TASK INSTRUCTIONS: With the pictures left out, set down the line containing "Brazílské děti k" and each line after it to the end of the material, exactly as written.

SOURCE RECORDS:
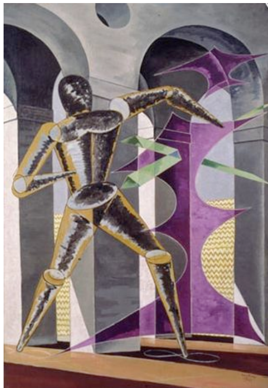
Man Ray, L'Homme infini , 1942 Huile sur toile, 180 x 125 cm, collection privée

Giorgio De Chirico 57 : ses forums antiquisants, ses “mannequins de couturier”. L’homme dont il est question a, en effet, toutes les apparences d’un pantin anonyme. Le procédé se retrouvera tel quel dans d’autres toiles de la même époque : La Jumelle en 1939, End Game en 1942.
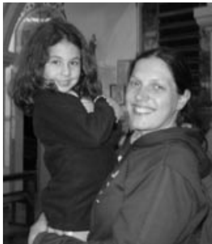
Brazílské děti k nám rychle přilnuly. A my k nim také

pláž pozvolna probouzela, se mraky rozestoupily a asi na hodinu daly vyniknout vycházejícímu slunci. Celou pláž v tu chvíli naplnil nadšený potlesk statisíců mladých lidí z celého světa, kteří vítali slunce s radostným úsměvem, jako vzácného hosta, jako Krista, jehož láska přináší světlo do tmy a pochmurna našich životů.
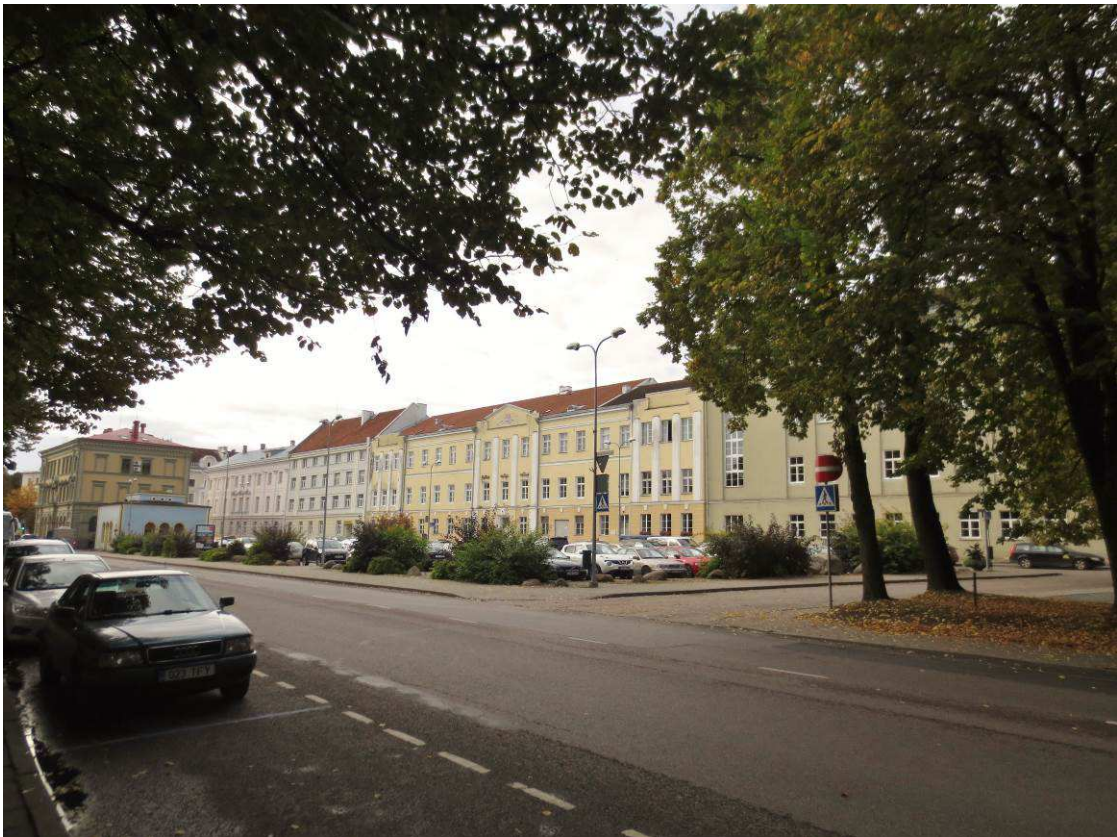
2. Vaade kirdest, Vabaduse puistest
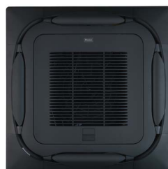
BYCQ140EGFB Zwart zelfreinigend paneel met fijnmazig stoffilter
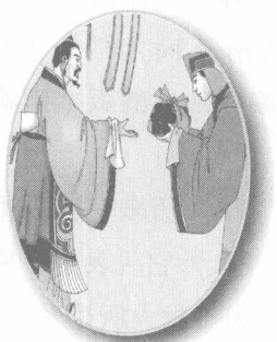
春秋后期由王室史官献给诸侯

WORKED SOLUTION:
Brazílské děti k nám rychle přilnuly. A my k nim také

pláž pozvolna probouzela, se mraky rozestoupily a asi na hodinu daly vyniknout vycházejícímu slunci. Celou pláž v tu chvíli naplnil nadšený potlesk statisíců mladých lidí z celého světa, kteří vítali slunce s radostným úsměvem, jako vzácného hosta, jako Krista, jehož láska přináší světlo do tmy a pochmurna našich životů.
2. Vaade kirdest, Vabaduse puistest
BYCQ140EGFB Zwart zelfreinigend paneel met fijnmazig stoffilter
春秋后期由王室史官献给诸侯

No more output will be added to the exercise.